OC_Surf_Serf July 19, 2011 at 8:31 pm

Oh, just on with it and accept your fate: Sell Santorum-brand sex lube to raise money…

Fukui_sanYesOta July 19, 2011 at 9:02 pm

"It's always Slick with Rick!"

Biel_ze_Bubba July 19, 2011 at 9:11 pm

Be Slick and Be Quick, with Slipperery Dick's Santorum Sticks!

iburl July 19, 2011 at 10:14 pm

Your prick can't bore 'im?
Use "Santorum"®

Doktor Zoom July 19, 2011 at 8:32 pm

Funny, I've been asking people for santorum contributions, and they've been sending in the grossest stuff…

Gratuitous World July 19, 2011 at 8:32 pm

give me your tired, your poor, your huddled masses of Santorum spawn.

Lionel[redacted]Esq July 19, 2011 at 8:33 pm

You would think Santorum, of all people, would know that lube will prevent the hurt.

Swampgas_Man July 20, 2011 at 1:22 pm

Someone put grit in his frothy mixture.

tessiee July 21, 2011 at 12:05 am

Sand in the Vaseline, as it were?

Lionel[redacted]Esq July 19, 2011 at 8:34 pm

Really, outside the comedy, the only good thing about most Republican Candidates is that they take money from people who would otherwise spend it on decorating their pickups with anti-Muslim messages.

Biel_ze_Bubba July 19, 2011 at 9:14 pm

The more, the merrier, and the less dough there will be for the GOP nominee. I'm all for having a dozen candidates or more, every damned one of 'em spouting exactly the same focus-group-tested sound bites. Game on, and may the least-electable candidate win!

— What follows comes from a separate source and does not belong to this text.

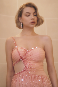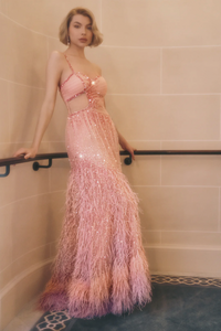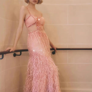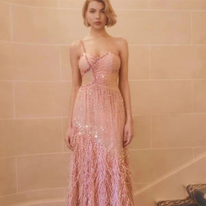 Stay in style with our Dress Flutter, featuring a one-shoulder design and delicate spaghetti straps. The mermaid silhouette hugs your curves, while the floor-length hem adds an elegant touch. Adorned with feathers and sequins, this dress is the epitome of fashion-forward luxury. Indulge in sophistication and grace with Dress Flutter.

MissusBarry July 19, 2011 at 10:28 pm

Isn't that hurting the capitalist economy? Think of the muslin-hater-job-creator.

BarryOPotter July 20, 2011 at 9:35 am

Think of the muslin-hater-job-creator.

Who, the rich bigot? Limpballs? Sorry, but no. It's too early in the millennium to ponder such vileness…

Goonemeritus July 19, 2011 at 8:36 pm

Believe me it would really really hurt to give little Ricky five dollars. I would sooner belt sand off my nipples.

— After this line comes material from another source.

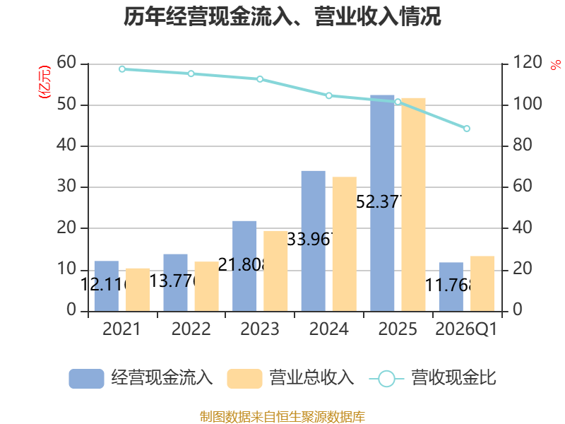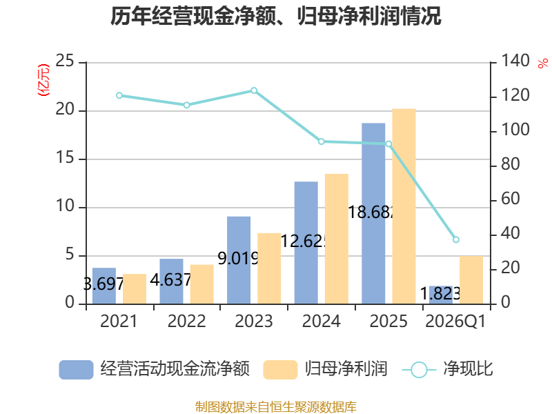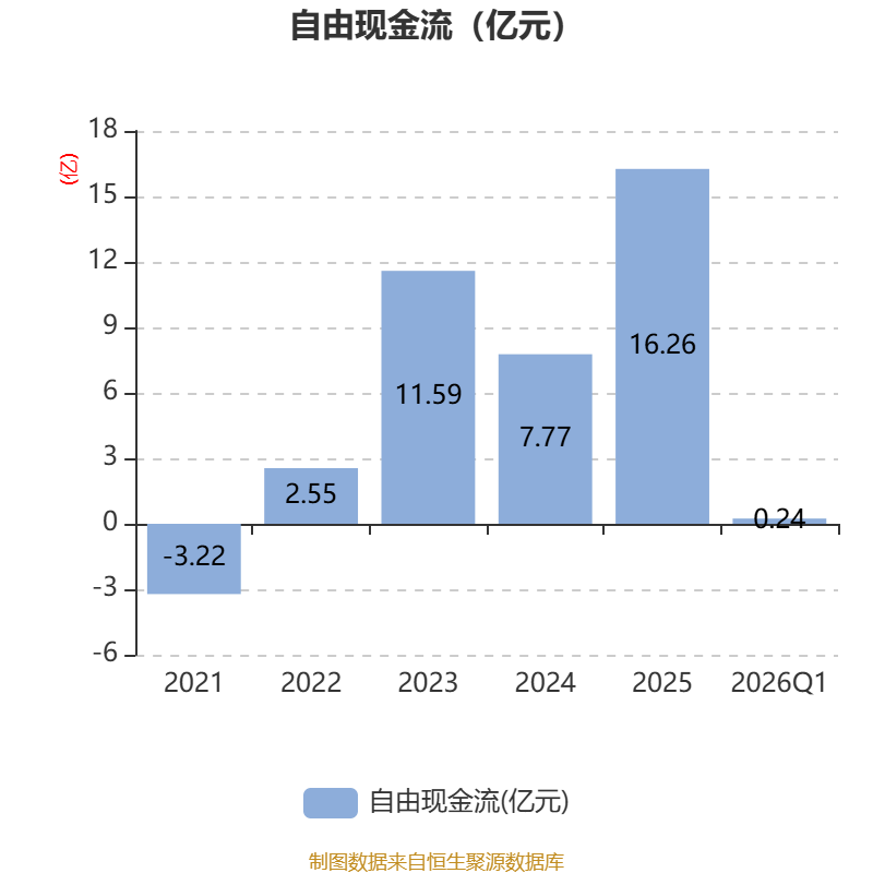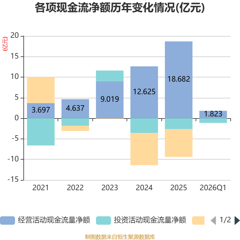 截至2026年一季度末,公司经营活动现金流净额为1.82亿元,同比下降37.92%;筹资活动现金流净额-6000元,同比增加32.4万元;投资活动现金流净额-1.13亿元,上年同期为-3.12亿元。

CalamityJames July 20, 2011 at 12:52 am

Maybe an orbital sander would work better?

zhubajie July 20, 2011 at 2:27 am

Wipe your butt on some monopoly money and send it in!

LowProfileinGA July 20, 2011 at 7:26 pm

Precisely the kind of illegal activity for which I would not want to spend time in a Federal pen.

"What are you in for?" "Ah, mailing feces-covered play money to a candidate for president."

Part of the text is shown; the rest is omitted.